Free and Open to the Public

with John Cloud, Doctoral Researcher, Peace Studies

A romantic love triangle involving two nuclear scientists, this film "is a grim and gleaming, angst-ridden nocturne. Set in an unknown realm of secret laboratories and installations and released shortly after the cosmonaut Yuri Gagarin became the first man to orbit the earth, Nine Days of One Year is the Soviet equivalent of On the Beach or Fail-Safe.
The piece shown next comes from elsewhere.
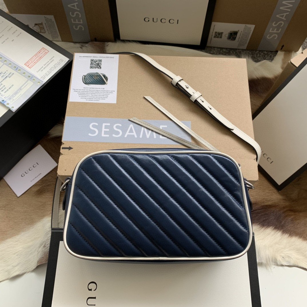 GG Marmont Matelassé Shoulder Bag Blue For Womtlm 9.5in/24cm GG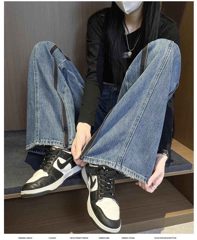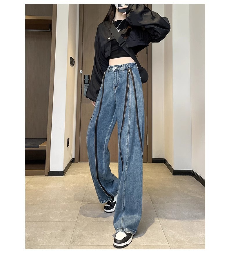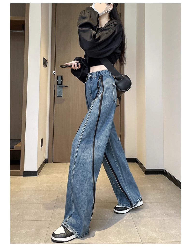 새로운 플러스 사이즈 느슨한 높은 허리 슬리밍 스트레이트 걸레 바지 패션 여성을위한 레트로 넓은 다리 청바지 2024 봄

It was not long before it was attacked...as 'alien to socialist humanism.'" (J. Hoberman, New York Times) Directed by Mikhail Romm. 1961, Russia, 110 minutes.

Screening as part of the Cornell Cinema Series Soviet Cinema in the 60s: Revolution in the Revolution

John Cloud is a geographer working as a postdoctoral researcher in Peace Studies. At UC Santa Barbara, his dissertation research was on the CORONA reconnaissance satellite program (1958-72). "I was also closely related to the Film Studies department, and Constance Penley was on my dissertation committee. 'CORONA was film in space,' she said, 'so it's all Film Studies.' I happen to think 'Faster, Pussycat! Kill! Kill!' is one of the greatest films."